太陽帆船を木星へ
「はやぶさ」の川口教授ら計画、来月合否決定

 探査機「はやぶさ」を開発・運用し、小惑星「イトカワ」への着陸を成功させた宇宙航空研究開発機構の川口淳一郎教授らが、太陽の光の粒子を大きな帆で受けて進む「ソーラーセール(太陽帆船)」探査機を開発し、日本で初めて木星に飛ばす計画を立案している。機構内には競合する天文衛星開発計画が他に2つあるが、2月の審査でゴーサインが出れば、2011年か12年の夏の打ち上げを目指す。
 新探査機は、木星や付近の小惑星群の近くを通りながら観測を行う親機と、途中で分離して木星を周回する子機で構成。木星への突入機を追加する案もある。
 本体には回転ドラムを設け、極めて薄い樹脂膜でできた直径約50メートルもの帆をゆっくり回して広げる。重力や空気がない宇宙空間でも、遠心力を利用すれば安定するためだ。内側3分の1は薄膜太陽電池とし、発電した電力ではやぶさと同じイオン噴射エンジンを動かす。

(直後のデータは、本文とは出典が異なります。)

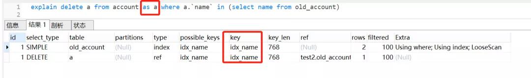 what?为啥加个别名,delete in子查询又行了,又走索引了?

木星周回軌道で子機(左)を分離する「ソーラーセール(太陽帆船)探査機」の想像図。
太陽の光の粒子を受ける樹脂膜の帆は直径約50メートルで、内側部分は薄膜太陽電池。
川口淳一郎教授らは2011年か12年の打ち上げ計画を立案している
(宇宙航空研究開発機構・池下章裕氏提供)

ソーラーセール(太陽帆船)
 太陽から放出される光の粒子「光子」を大きな帆で受けて進む宇宙船。光子の圧力は微弱だが、長時間受け続けると速度が上がり、遠い惑星まで飛べる。1910年代末にロシアの科学者ツィオルコフスキーらが提唱し、近年、薄くて強い樹脂膜が実用化されて実現性が高まった。米惑星協会が開発した世界初の太陽帆船は昨年6月、打ち上げに失敗した。